The next clue tells them to go to Maverick Helicopters in Henderson. Once there they encounter another roadblock. One from each team is going to skydive, 10000 feet, at a location they must spot, while in the air, and their partner will meet them there. Anyone watching the show, noting the time, will know this is the final task (because it’s only an hour long broadcast). I think the clue said something about a finish line as well. That location is the Las Vegas Speedway. Shall I end the suspense? Depends Dave and Conner Pampers won, with the Blondes coming in second. Rachel is going to have to wait for Brendon to graduate with his PhD and I assume, get a job, before the world is infected with little Brenchels. Maybe, just maybe, if this asshat stopped doing these shows, he could finish with school and graduate. Just sayin… On the upside for Dave, his share of that prize money will buy a lot of Depends so he at least doesn’t have to worry about that for awhile.

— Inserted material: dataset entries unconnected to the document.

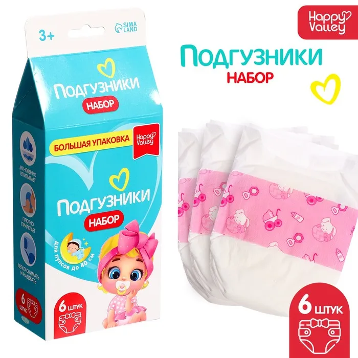Набор «Подгузники» для кукол, 6 штук — Характеристики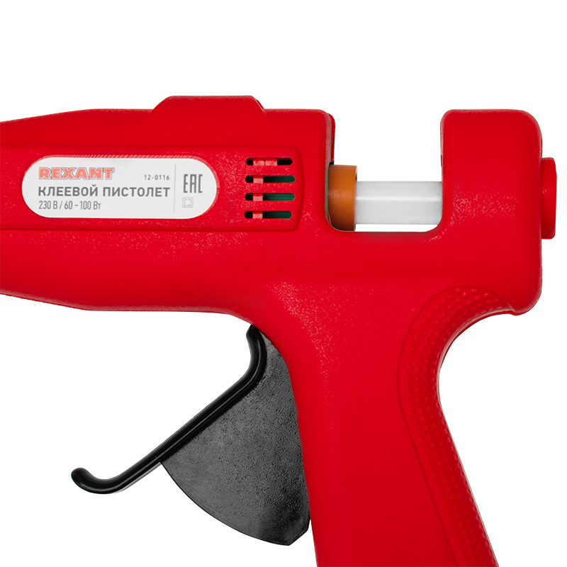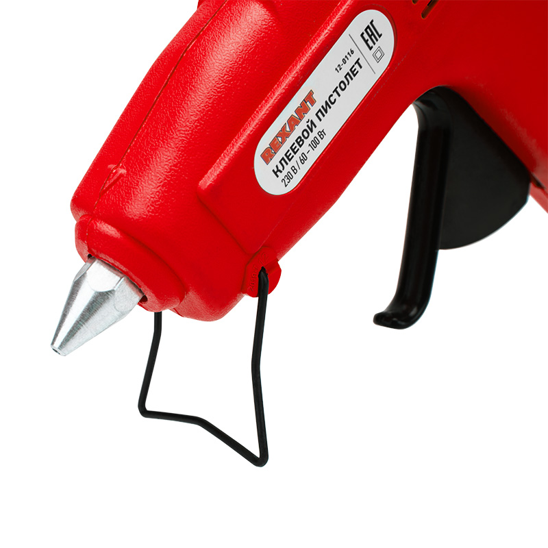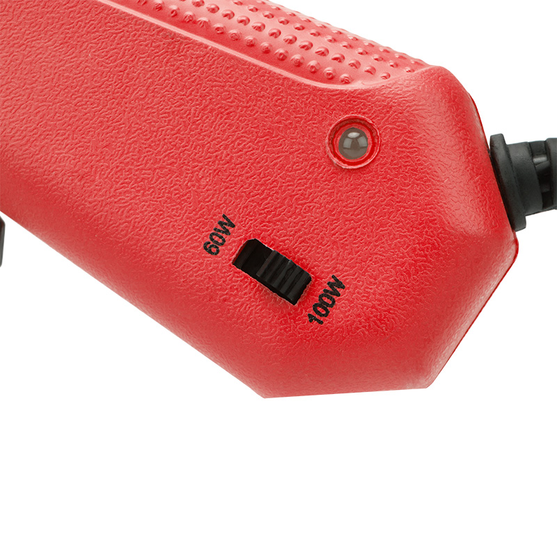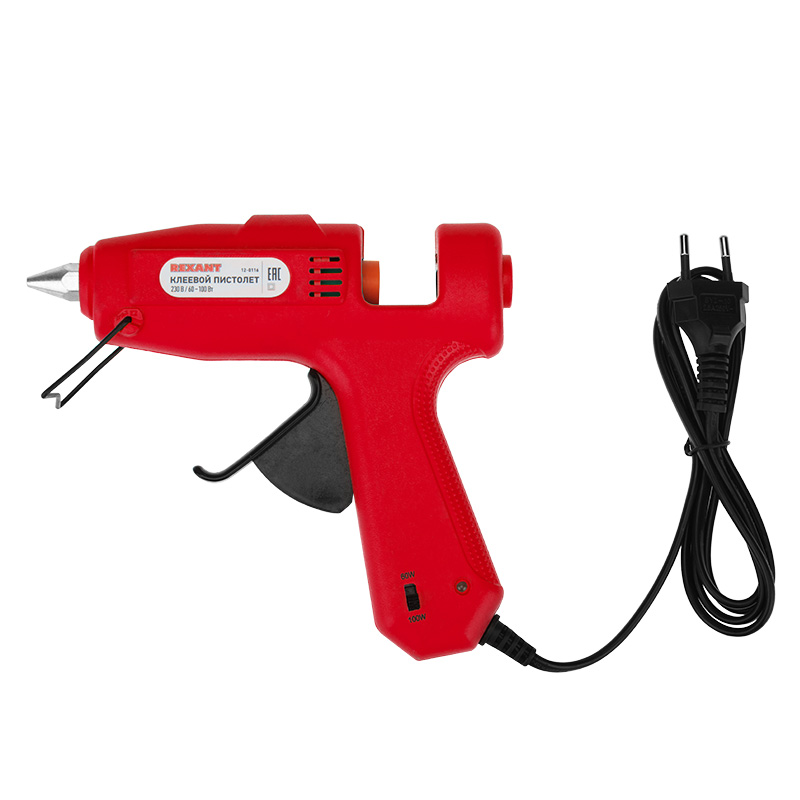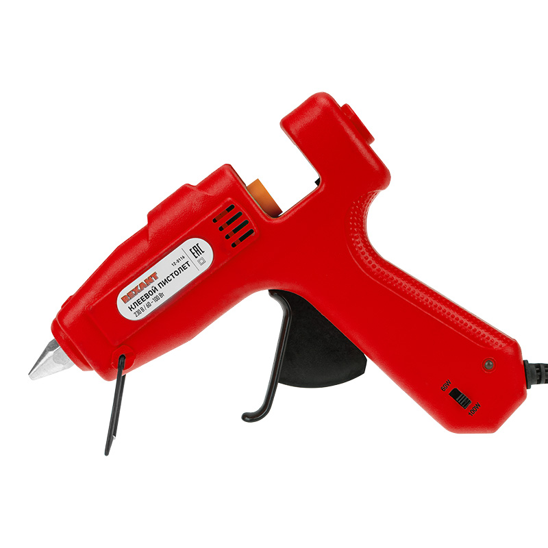 Корпус пистолета изготовлен из ударопрочной пластмассы, поэтому инструмент служит дольше, а металлическая скоба позволяет устанавливать пистолет в режиме ожидания. Сопло пистолета защищено клапаном от произвольного вытекания клея. На корпусе пистолета есть кнопка, с помощью которой можно выбрать минимальный режим нагрева 60 Вт или максимальный режим 100 Вт. Пистолет используется с клеевыми стрежнями диаметром 11 мм.
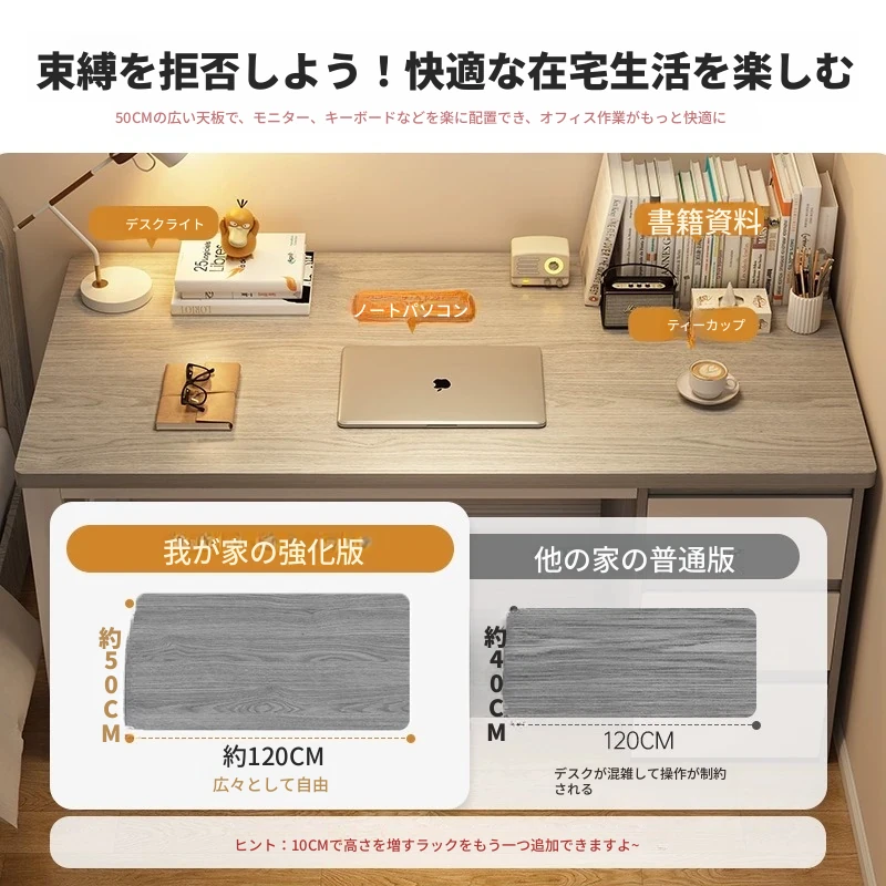 デスク一体型のスタイリッシュな書斎用デスク|抽斗付きで収納力抜群!学習や作業に最適なコンパクトデザイン。居心地の良い自宅オフィスを実現します。

Of course in the edit, by the time Brendon finally made his jump, it appeared as though Rachel was sitting there all alone because everyone had already left. That would have added, albeit cruel, levity to this episode because otherwise, I thought it sucked. This had to be the weakest finale show I’ve ever seen. It is of course fine if your viewpoint differs from mine here. We’re all friends here… Past seasons at least tested teams on where they had been during the race in order to claim the prize. Counting light bulbs. Really? I know I’ve said this was fixed before but come on… 2 non elimination rounds and something a trained chimp could do for the brain teaser task to help those vacuous women along. I don’t know what I really expected here but I thought this show was lame, at best, for a finale.. I really grew to hate Dave and Conner and I Never liked the blondes and their act.. Sound familiar? So was this cast. Let them NEVER darken our TV screens again.. Got that CBS?